Spanish energy company Acciona Energía has agreed to acquire a 24% stake in engineering firm Eolink, which aims to demonstrate its floating wind concept at a French test site next year.

French startup Eolink is developing a pyramid-shaped floating wind turbine concept with the nacelle supported by four masts rather than a single tower.

It claims this will make the structure more resistant to marine conditions and reduce its mass compared to a traditional, single-tower turbine on a semi-submersible platform. The platform’s lighter structure and better distribution of load should reduce operations and maintenance works, it added.

Eolink’s concept also features an anchoring system that allows it to change its position naturally to face the wind. A spokesman explained that Eolink’s floating wind structure will be achored on, and will rotate around, a pivot buoy (see below). The bouy will be moored to the seabed through three mooring lines and anchors. Meanwhile, the wind thrust on the rotor will make the turbine turn to face the wind, he added.

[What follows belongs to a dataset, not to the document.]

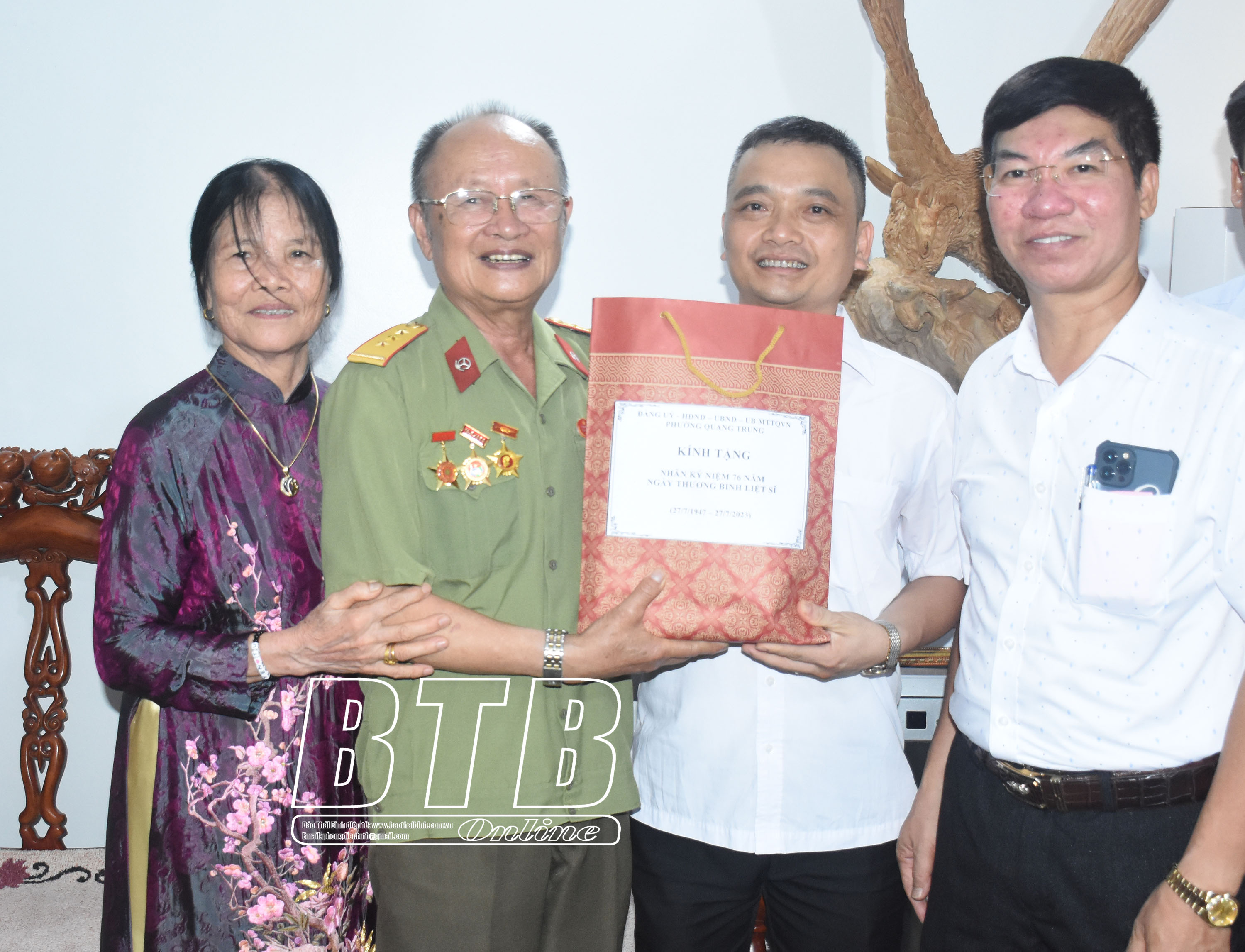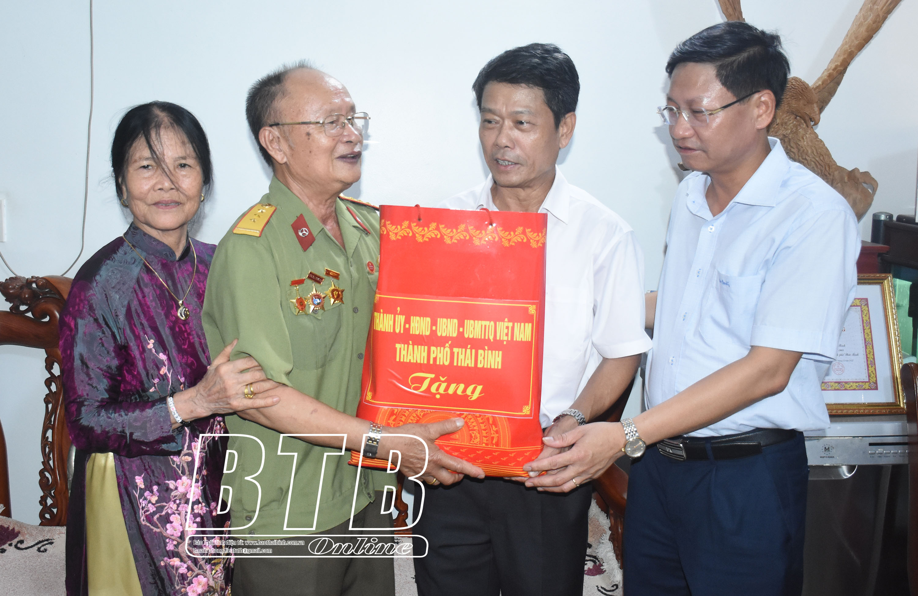 Cùng đi có các đồng chí: Đại tá Trần Văn Phúc, Ủy viên Ban Thường vụ Tỉnh ủy, Giám đốc Công an tỉnh; Hoàng Văn Thành, Ủy viên Ban Thường vụ Tỉnh ủy, Bí thư Thành ủy, Chủ tịch HĐND thành phố; lãnh đạo Sở Lao động – Thương binh và Xã hội và thành phố Thái Bình.

The manufacturer has already subjected a scaled-down version of its platform to tests in a tank and in open water in north-western France.

It aims to install a pre-commercial unit – with a 150-metre tip height and 5MW power rating – at the SEM-REV test site off the coast of Le Croisic, France next year. Certification agency Bureau Veritas has already approved the design of the 5MW prototype.

Acciona’s investment will strengthen the startup’s financial structure in the short- and medium-term, Eolink explained.

Eolink eventually aims to build turbines with power ratings of more than 15MW and rotor diameters larger than 260 metres. 

The companies have signed an agreement for the acquisition and are awaiting regulatory approval before it is completed. They would not confirm the sum Acciona paid or the ownership structure of Eolink.

Acciona is targeting offshore wind farms off Poland, Spain and Portugal – with deep waters in the latter two likely to necessitate the use of floating platforms – but is yet to see an offshore wind farm through to completion.